**Brief**
Would you restate the entries below word for word, starting at the first line and ending with the one that has "2024年2月19日,青海省"?

━━━ Data supplied

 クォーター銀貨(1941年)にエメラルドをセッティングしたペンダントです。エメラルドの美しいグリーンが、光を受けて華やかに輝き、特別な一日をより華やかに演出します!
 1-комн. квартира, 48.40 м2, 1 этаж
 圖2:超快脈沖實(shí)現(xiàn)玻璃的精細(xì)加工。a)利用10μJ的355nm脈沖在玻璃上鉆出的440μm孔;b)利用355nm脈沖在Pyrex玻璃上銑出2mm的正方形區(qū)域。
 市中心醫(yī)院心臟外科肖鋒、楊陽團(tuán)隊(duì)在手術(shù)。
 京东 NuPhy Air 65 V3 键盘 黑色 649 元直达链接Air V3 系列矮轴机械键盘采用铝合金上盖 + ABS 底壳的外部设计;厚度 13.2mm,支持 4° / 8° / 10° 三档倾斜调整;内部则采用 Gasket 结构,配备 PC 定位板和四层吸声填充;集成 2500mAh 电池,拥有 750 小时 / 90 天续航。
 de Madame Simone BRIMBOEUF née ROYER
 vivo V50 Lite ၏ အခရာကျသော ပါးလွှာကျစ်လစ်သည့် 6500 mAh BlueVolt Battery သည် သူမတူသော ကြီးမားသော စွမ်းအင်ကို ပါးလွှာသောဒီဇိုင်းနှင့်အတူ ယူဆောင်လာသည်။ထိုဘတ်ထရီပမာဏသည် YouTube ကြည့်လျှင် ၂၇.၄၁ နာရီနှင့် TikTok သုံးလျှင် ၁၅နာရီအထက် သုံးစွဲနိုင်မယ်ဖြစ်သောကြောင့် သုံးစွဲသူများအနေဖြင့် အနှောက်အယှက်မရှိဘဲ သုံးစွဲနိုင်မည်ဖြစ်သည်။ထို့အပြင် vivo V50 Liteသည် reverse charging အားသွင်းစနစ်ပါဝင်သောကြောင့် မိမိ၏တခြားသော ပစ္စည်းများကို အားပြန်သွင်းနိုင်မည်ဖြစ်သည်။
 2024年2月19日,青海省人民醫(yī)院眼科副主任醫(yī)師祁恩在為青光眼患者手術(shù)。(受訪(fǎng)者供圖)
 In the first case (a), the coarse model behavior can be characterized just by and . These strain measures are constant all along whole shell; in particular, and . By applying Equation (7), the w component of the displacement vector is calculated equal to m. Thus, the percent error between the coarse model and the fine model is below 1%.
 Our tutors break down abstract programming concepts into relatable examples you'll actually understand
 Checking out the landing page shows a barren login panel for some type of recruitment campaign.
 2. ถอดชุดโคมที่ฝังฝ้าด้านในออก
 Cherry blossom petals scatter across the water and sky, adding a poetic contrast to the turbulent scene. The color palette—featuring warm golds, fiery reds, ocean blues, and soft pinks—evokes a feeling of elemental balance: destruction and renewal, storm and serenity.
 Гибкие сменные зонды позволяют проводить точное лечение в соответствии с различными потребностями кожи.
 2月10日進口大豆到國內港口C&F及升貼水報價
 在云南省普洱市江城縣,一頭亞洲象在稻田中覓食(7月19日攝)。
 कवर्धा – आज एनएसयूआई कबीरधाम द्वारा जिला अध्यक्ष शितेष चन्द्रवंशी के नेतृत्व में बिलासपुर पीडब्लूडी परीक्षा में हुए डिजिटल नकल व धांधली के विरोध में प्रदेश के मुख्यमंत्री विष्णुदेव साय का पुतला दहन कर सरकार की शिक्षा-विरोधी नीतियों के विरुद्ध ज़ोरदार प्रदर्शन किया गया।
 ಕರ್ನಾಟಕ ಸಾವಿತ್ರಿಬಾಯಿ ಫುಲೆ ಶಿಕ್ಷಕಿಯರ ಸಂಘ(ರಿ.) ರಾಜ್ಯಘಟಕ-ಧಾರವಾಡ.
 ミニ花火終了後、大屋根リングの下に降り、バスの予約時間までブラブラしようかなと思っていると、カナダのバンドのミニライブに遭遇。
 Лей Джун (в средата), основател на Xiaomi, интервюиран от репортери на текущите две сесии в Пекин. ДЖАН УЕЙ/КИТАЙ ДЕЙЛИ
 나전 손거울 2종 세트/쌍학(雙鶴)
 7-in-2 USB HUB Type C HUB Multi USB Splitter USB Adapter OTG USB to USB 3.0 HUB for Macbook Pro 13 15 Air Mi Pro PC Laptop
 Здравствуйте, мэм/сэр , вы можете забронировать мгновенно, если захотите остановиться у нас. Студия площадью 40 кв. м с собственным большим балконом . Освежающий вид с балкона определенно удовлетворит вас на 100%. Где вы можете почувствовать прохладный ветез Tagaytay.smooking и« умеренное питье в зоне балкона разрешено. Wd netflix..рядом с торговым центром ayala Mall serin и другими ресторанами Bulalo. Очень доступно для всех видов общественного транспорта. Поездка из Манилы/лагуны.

━━━━━━

**Response to this exercise**
 クォーター銀貨(1941年)にエメラルドをセッティングしたペンダントです。エメラルドの美しいグリーンが、光を受けて華やかに輝き、特別な一日をより華やかに演出します!
 1-комн. квартира, 48.40 м2, 1 этаж
 圖2:超快脈沖實(shí)現(xiàn)玻璃的精細(xì)加工。a)利用10μJ的355nm脈沖在玻璃上鉆出的440μm孔;b)利用355nm脈沖在Pyrex玻璃上銑出2mm的正方形區(qū)域。
 市中心醫(yī)院心臟外科肖鋒、楊陽團(tuán)隊(duì)在手術(shù)。
 京东 NuPhy Air 65 V3 键盘 黑色 649 元直达链接Air V3 系列矮轴机械键盘采用铝合金上盖 + ABS 底壳的外部设计;厚度 13.2mm,支持 4° / 8° / 10° 三档倾斜调整;内部则采用 Gasket 结构,配备 PC 定位板和四层吸声填充;集成 2500mAh 电池,拥有 750 小时 / 90 天续航。
 de Madame Simone BRIMBOEUF née ROYER
 vivo V50 Lite ၏ အခရာကျသော ပါးလွှာကျစ်လစ်သည့် 6500 mAh BlueVolt Battery သည် သူမတူသော ကြီးမားသော စွမ်းအင်ကို ပါးလွှာသောဒီဇိုင်းနှင့်အတူ ယူဆောင်လာသည်။ထိုဘတ်ထရီပမာဏသည် YouTube ကြည့်လျှင် ၂၇.၄၁ နာရီနှင့် TikTok သုံးလျှင် ၁၅နာရီအထက် သုံးစွဲနိုင်မယ်ဖြစ်သောကြောင့် သုံးစွဲသူများအနေဖြင့် အနှောက်အယှက်မရှိဘဲ သုံးစွဲနိုင်မည်ဖြစ်သည်။ထို့အပြင် vivo V50 Liteသည် reverse charging အားသွင်းစနစ်ပါဝင်သောကြောင့် မိမိ၏တခြားသော ပစ္စည်းများကို အားပြန်သွင်းနိုင်မည်ဖြစ်သည်။
 2024年2月19日,青海省人民醫(yī)院眼科副主任醫(yī)師祁恩在為青光眼患者手術(shù)。(受訪(fǎng)者供圖)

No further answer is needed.